◆ Task requirements
Find the line with "Terrace restaurants in" in the entries below. Repeat it, every following line, and the line with "Mahendi Colour Double", exactly and with nothing added.

◆ Supplied entries

______________________________

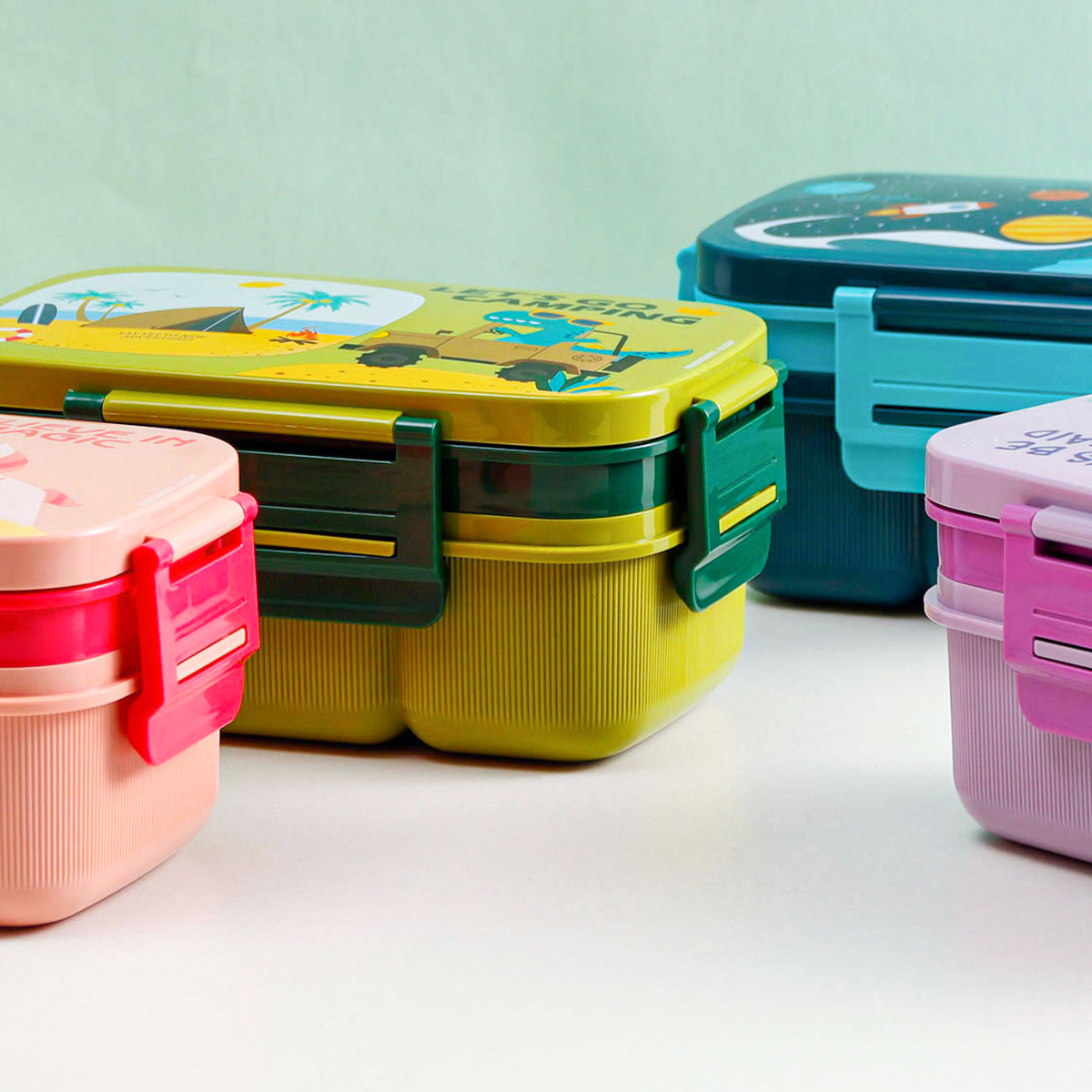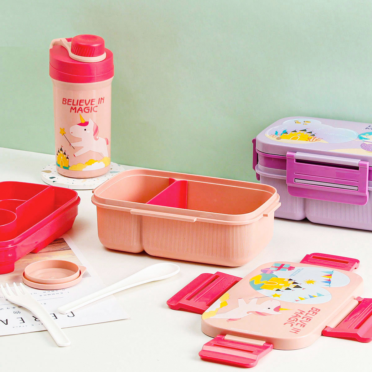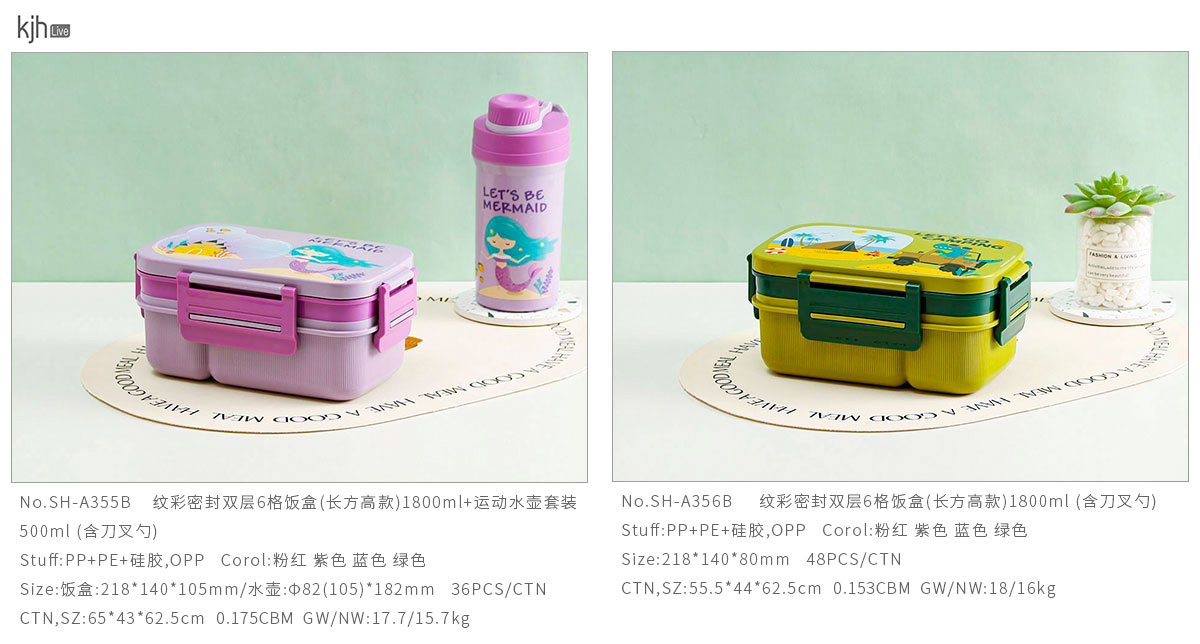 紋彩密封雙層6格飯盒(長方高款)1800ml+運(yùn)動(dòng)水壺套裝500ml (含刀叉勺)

______________________________

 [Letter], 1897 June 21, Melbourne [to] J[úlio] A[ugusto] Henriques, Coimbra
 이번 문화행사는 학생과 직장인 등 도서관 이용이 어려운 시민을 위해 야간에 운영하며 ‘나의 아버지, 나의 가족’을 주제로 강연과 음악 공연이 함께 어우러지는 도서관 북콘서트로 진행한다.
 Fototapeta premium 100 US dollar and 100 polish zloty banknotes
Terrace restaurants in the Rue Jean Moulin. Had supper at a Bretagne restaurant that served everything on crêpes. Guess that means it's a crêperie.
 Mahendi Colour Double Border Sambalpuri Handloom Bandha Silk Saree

______________________________

◆ Response area
Terrace restaurants in the Rue Jean Moulin. Had supper at a Bretagne restaurant that served everything on crêpes. Guess that means it's a crêperie.
 Mahendi Colour Double Border Sambalpuri Handloom Bandha Silk Saree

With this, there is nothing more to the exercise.